一种简单的方式是通过HttpEntity的ContentType分析字符编码:
public static String getContentCharSet(final HttpEntity entity) throws ParseException { if (entity == null) { throw new IllegalArgumentException("HTTP entity may not be null"); } String charset = null; if (entity.getContentType() != null) { HeaderElement values[] = entity.getContentType().getElements(); if (values.length > 0) { NameValuePair param = values[0].getParameterByName("charset"); if (param != null) { charset = param.getValue(); } } } return charset; }
测试的确是有效的,但是可能给人的感觉却似乎总是不放心的,比如万一HTTP Header里缺少ContentType,那如何判断字符编码?

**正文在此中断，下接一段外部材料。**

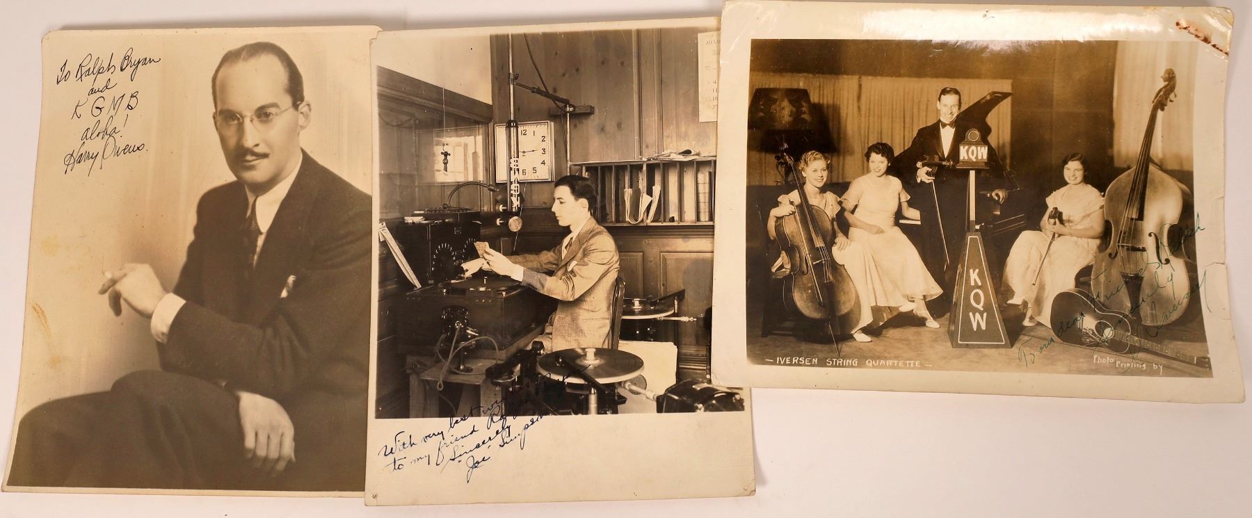 Lot of three 8 x 10 inch B&W photographs: 1) Harry Owens, inscribed "To Ralph Bryan and KGMB Aloha! Harry Owens." KGMB was a Honolulu radio station and his band was the Royal Hawaiian Hotel Orchestra. He is famous for having written "Sweet Leilani" which was a big hit for Bing Crosby and won the academy award for best song of 1937. Also included: 2) a KGMB signed photo of Joe Simpson, disc jockey and 3) the Iverson String Quartet. State: City: Date: Provenance: Salvatore Falcone Collection

网上有大量的判断字符编码的博客了,但多数是对于文件的编码判断,对于网络流的判断是失效的,在此推荐一个开源组件cpdetector(总共494KB),可以检测文件和字节流编码。
下面是EncodingDetector工具类代码。cpdetector是基于统计学的,统计的字节数越多,准确性越高。对于文件流,字节数是已知的,探测的字节数是文件长度-1,但不超过2000。
public class EncodingDetector { private static final CodepageDetectorProxy detector = CodepageDetectorProxy .getInstance(); static { detector.add(new ParsingDetector(false)); detector.add(JChardetFacade.getInstance()); detector.add(ASCIIDetector.getInstance()); detector.add(UnicodeDetector.getInstance()); } public static String getCharset(InputStream is, Boolean useAvailable) { Charset charset = null; int detectCharNum = 2000; //检测的字节数越多越准确, 字节数的指定不能超过文本流的最大长度 try { if(useAvailable) { int available = is.available(); if(available <= 1) { //有的输入流可能没有能力返回字节数(比如网络流,并不能准确知道还有多少数据未到达) return HTTP.UTF_8; } if(detectCharNum > available) { detectCharNum = available - 1; } } BufferedInputStream bufferedInputStream = new BufferedInputStream(is); charset = detector.detectCodepage(bufferedInputStream, detectCharNum); bufferedInputStream.reset(); } catch (Exception e) { } return null != charset ? charset.name() : null; } public static String getCharset(ByteArrayOutputStream bos) { String charset = null; try { ByteArrayInputStream is = new ByteArrayInputStream(bos.toByteArray()); charset = getCharset(is, true); //bos字节数是已知的 is.close(); } catch (IOException e) { } return charset; } }
对于网络流,因为不能准确知道还有多少数据没有到达,应该先读取并缓存字节流,然后探测缓存的编码。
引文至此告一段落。